**WHAT YOU ARE ASKED TO DO**
Return the entries below word for word; no images should appear in the copy.

**Stored data entries**
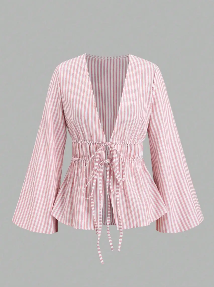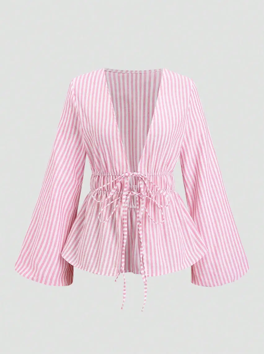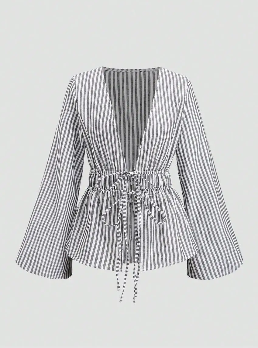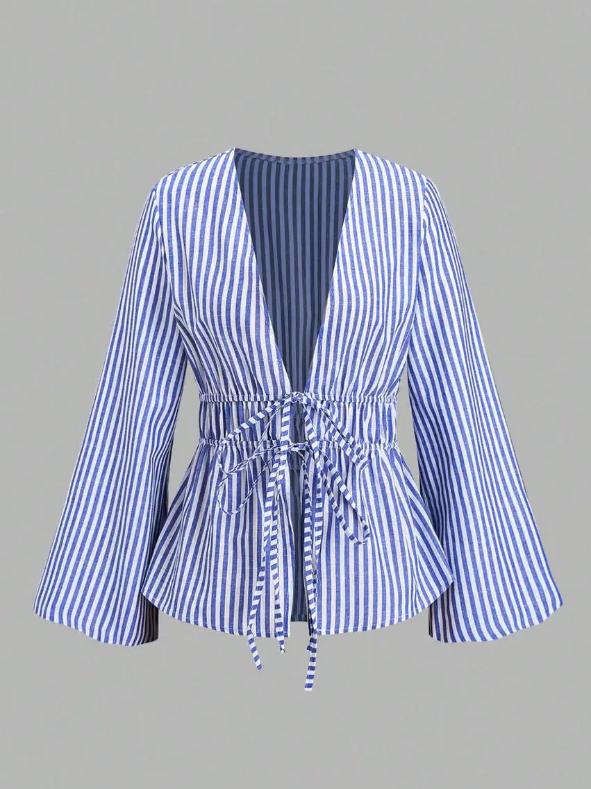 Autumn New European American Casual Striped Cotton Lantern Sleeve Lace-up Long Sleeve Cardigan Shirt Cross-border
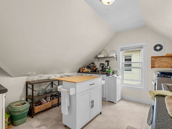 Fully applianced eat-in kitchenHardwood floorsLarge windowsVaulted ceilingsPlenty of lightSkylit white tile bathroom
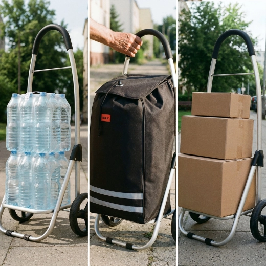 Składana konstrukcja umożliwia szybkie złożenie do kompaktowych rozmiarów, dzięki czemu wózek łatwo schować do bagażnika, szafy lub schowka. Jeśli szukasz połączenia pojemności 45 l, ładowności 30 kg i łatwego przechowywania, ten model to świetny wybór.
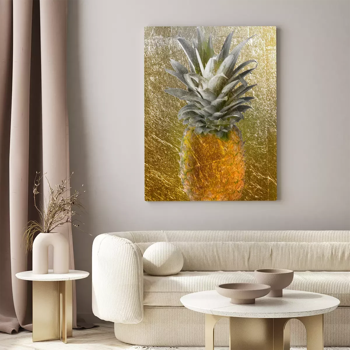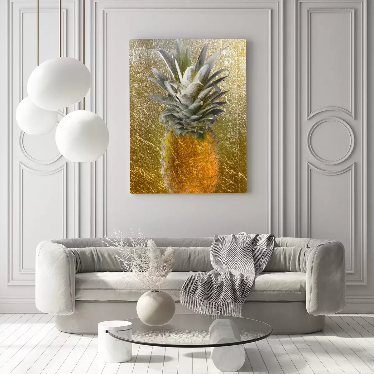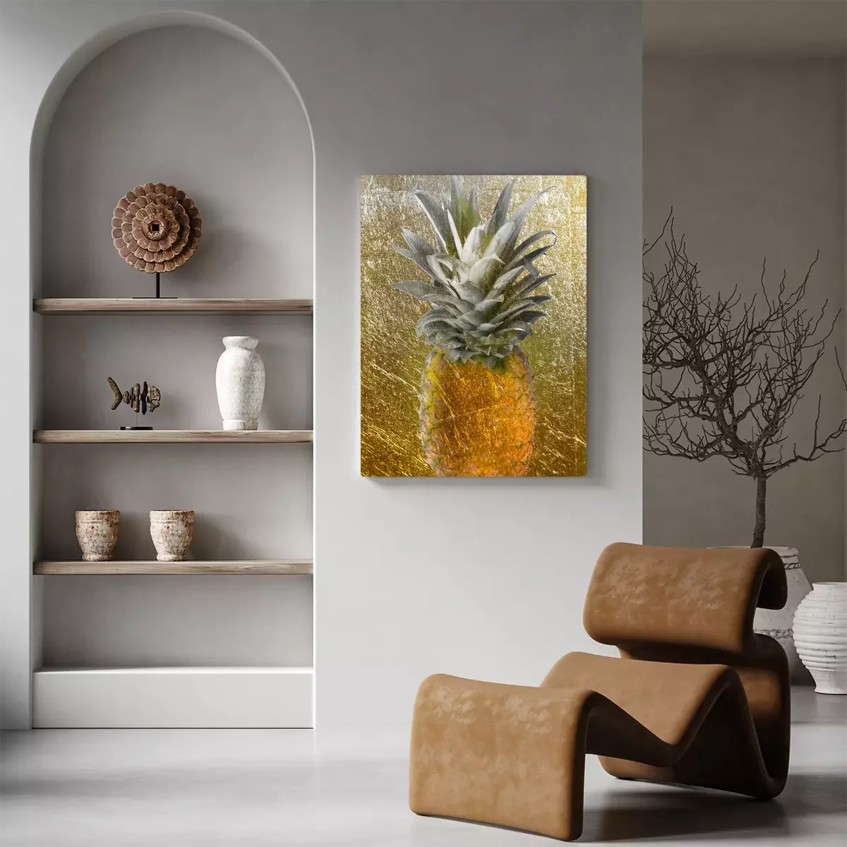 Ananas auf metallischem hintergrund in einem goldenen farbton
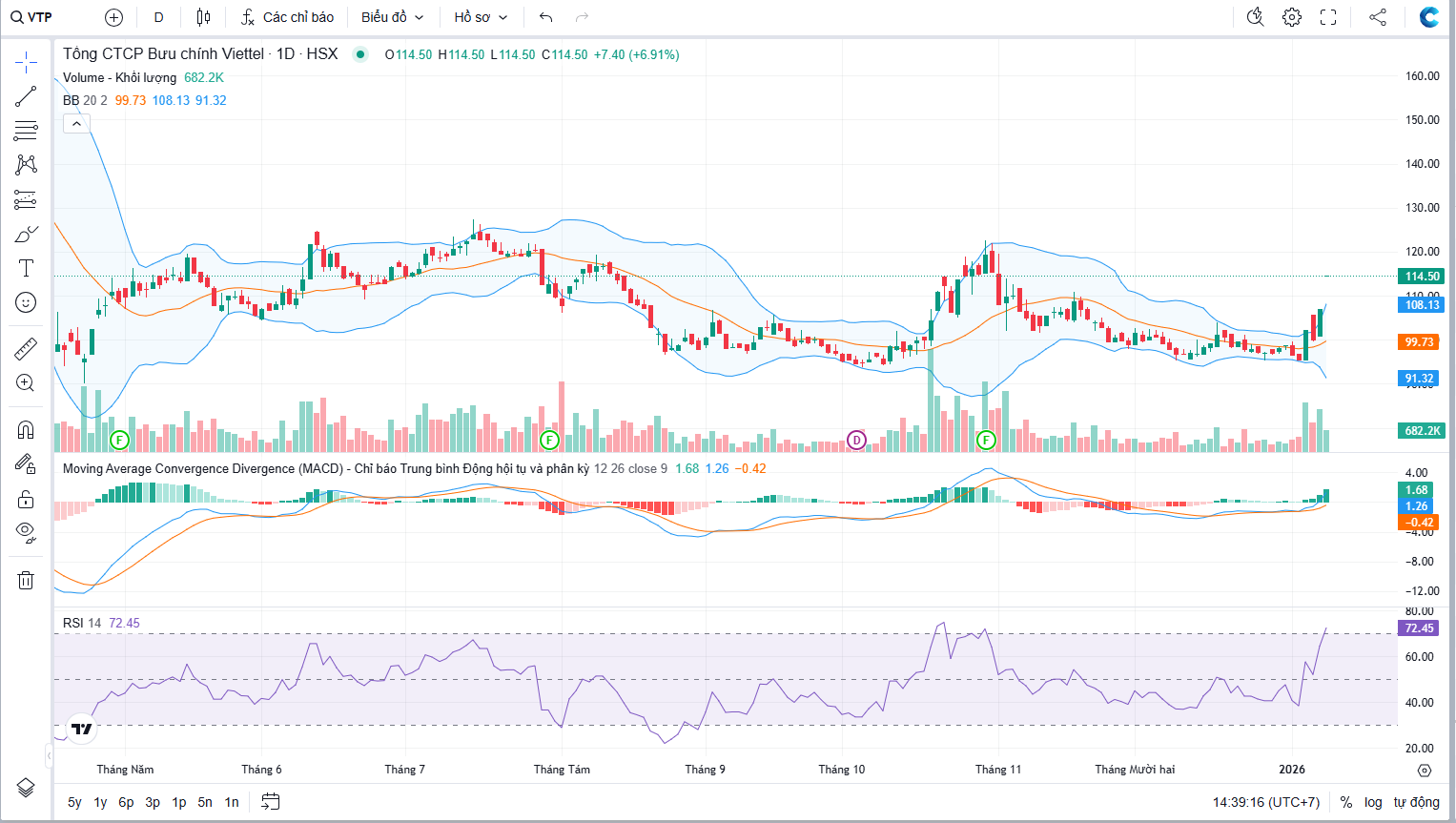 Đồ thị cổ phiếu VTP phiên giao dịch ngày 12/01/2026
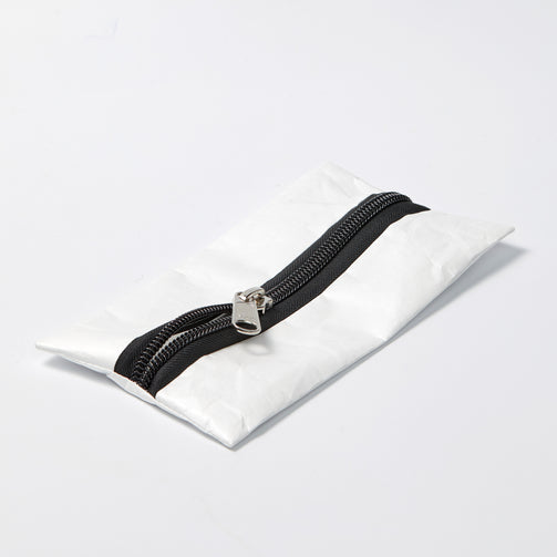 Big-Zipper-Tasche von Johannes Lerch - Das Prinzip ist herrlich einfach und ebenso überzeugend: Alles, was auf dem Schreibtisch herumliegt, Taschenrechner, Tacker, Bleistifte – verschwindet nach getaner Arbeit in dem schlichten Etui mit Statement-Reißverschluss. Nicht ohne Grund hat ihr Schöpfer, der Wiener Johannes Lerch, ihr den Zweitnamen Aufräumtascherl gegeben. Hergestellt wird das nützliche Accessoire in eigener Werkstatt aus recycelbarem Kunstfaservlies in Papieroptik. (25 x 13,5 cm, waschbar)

**TASK RESPONSE**
 Autumn New European American Casual Striped Cotton Lantern Sleeve Lace-up Long Sleeve Cardigan Shirt Cross-border
 Fully applianced eat-in kitchenHardwood floorsLarge windowsVaulted ceilingsPlenty of lightSkylit white tile bathroom
 Składana konstrukcja umożliwia szybkie złożenie do kompaktowych rozmiarów, dzięki czemu wózek łatwo schować do bagażnika, szafy lub schowka. Jeśli szukasz połączenia pojemności 45 l, ładowności 30 kg i łatwego przechowywania, ten model to świetny wybór.
 Ananas auf metallischem hintergrund in einem goldenen farbton
 Đồ thị cổ phiếu VTP phiên giao dịch ngày 12/01/2026
 Big-Zipper-Tasche von Johannes Lerch - Das Prinzip ist herrlich einfach und ebenso überzeugend: Alles, was auf dem Schreibtisch herumliegt, Taschenrechner, Tacker, Bleistifte – verschwindet nach getaner Arbeit in dem schlichten Etui mit Statement-Reißverschluss. Nicht ohne Grund hat ihr Schöpfer, der Wiener Johannes Lerch, ihr den Zweitnamen Aufräumtascherl gegeben. Hergestellt wird das nützliche Accessoire in eigener Werkstatt aus recycelbarem Kunstfaservlies in Papieroptik. (25 x 13,5 cm, waschbar)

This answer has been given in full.